In particular, they had asked to know the data collected through the company smartphone on which a geolocation system had been installed which allowed workers to identify the route to take to reach the meters. The regulator found that Shardana Working had not adequately informed the employees of the data processed through the GPS installed on their smartphones. Even if the company deemed that it could not fully respond to the employees’ requests, it should have at least indicated the specific reasons why it could not comply with the access requests.
Dismissal based on geotracking: A similar instance occurred recently in France, according to the Ius Laboris legal blog. The highest civil court in France has intervened in an employee discharge based on geolocation data from his work car. An employee of an equipment rental firm was fired for making unnecessary trips. The geolocation process had been declared to the French Data Protection Agency CNIL to locate employee vehicles and ensure the safety of goods and people on site. The employee had been informed of this. The Supreme Court, on the other hand, held that the trial judge should have evaluated whether the company’s geolocation system was also intended, as stated to the regulator, to monitor the employee’s professional activities and working hours, and if the employee had been told about such a purpose.

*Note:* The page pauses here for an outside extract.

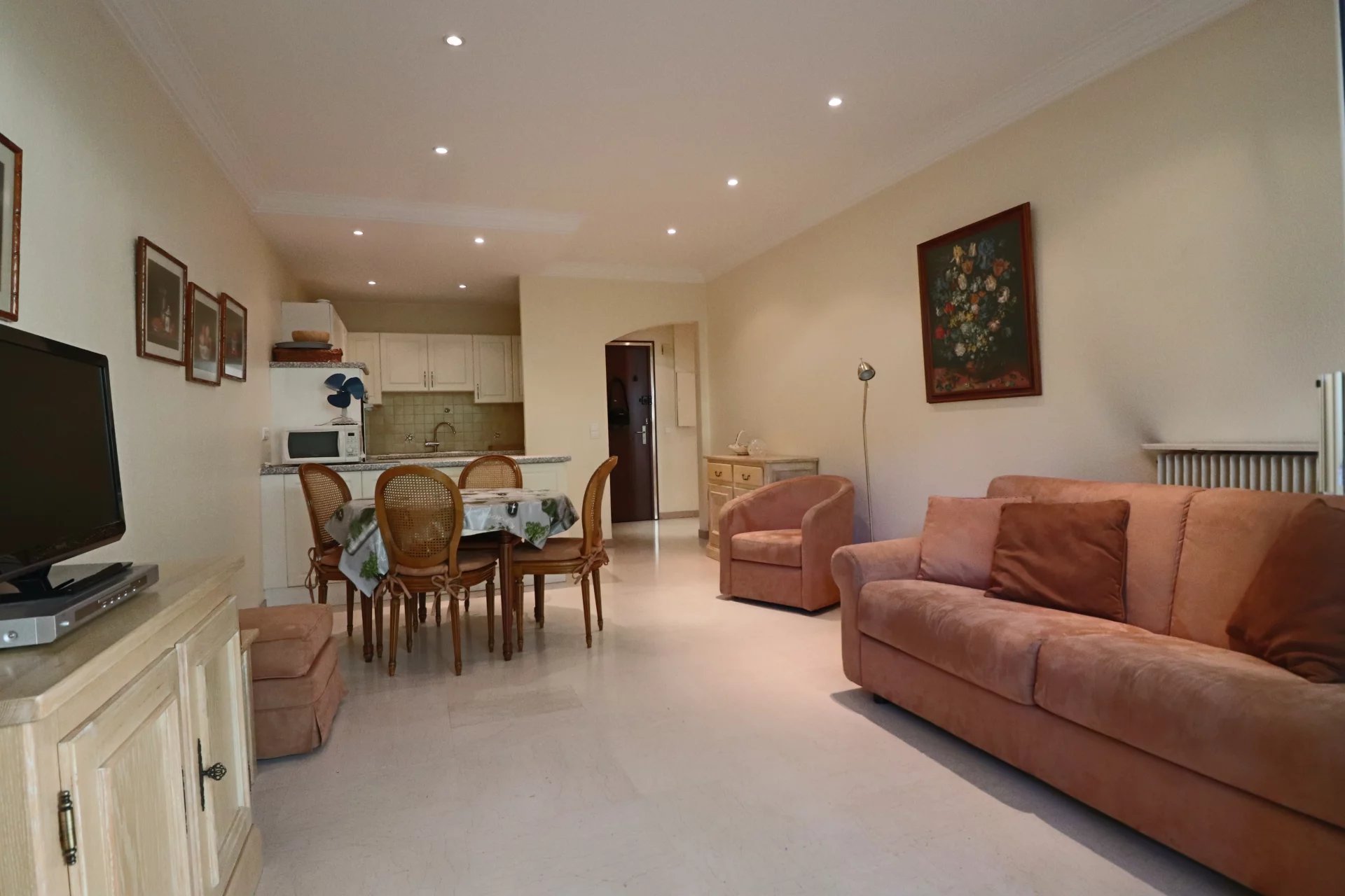 Cannes Conseil vous propose en centre ville, un 2 Pièces pour 4 personnes, avec une grande terrasse. Situé au Centre de Cannes, à proximité commerces, palais des festivals, résidence de bon standing, beau 2 Pièces très bien agencé. Cuisine américaine équipée, terrasse, salle de douche et wc individuel.

Electronic ticketing: The Greek data protection authority carried out an extraordinary on-site inspection at the Athens Urban Transport Organization, (OASA), examining the protection of personal data processed in the framework of the automatic fee collection system, a system also referred to by the term “electronic ticket”. A total fine of 50,000 euros and a compliance order referred to the determination of the data retention times for the various processing purposes, (of 20 years), the anonymity of travel card holders and their movements, (eg, of employment categories), and a review of the personal data impact assessment and other documentation, (not available at the time of the audit).
Big Data
Biometric surveillance: According to The Guardian, dozens of cross-party MPs and privacy campaigners in the UK have joined a campaign calling for an “immediate stop” to the use of live face recognition monitoring by police and commercial companies. Live face recognition has lately been used by British police at large-scale public events such as King Charles’ coronation. The announcement follows the policing minister’s announcement of government intentions to make UK passport images searchable by police: to link data from the police national database, the Passport Office, and other national databases to allow officers to identify a match with the “click of a button.”
Google user data: Google will give users in the EU better choice as to how Google processes their data according to commitments undertaken by the company. This is the result of proceedings conducted by the Bundeskartellamt, (German Federal Cartel Office), based on the new instrument under competition law, which allows intervention when competition is threatened by large digital companies. Commitments concern situations where the company would like to combine personal data from one Google service with personal data from other Google or non-Google sources or cross-use these data in Google services that are provided separately.
Such an obligation already results from the new Digital Markets Act. Relevant core platform services listed in the Commission’s designation decision are thus not covered by the commitments, (Google Shopping, Google Play, Google Maps, Google Search, YouTube, Google Android, Google Chrome and Google’s online advertising services). However, Google’s commitments provided to the Cartel Office do concern data processing across services involving more than 25 other services (including Gmail, Google News, Assistant, Contacts and Google TV).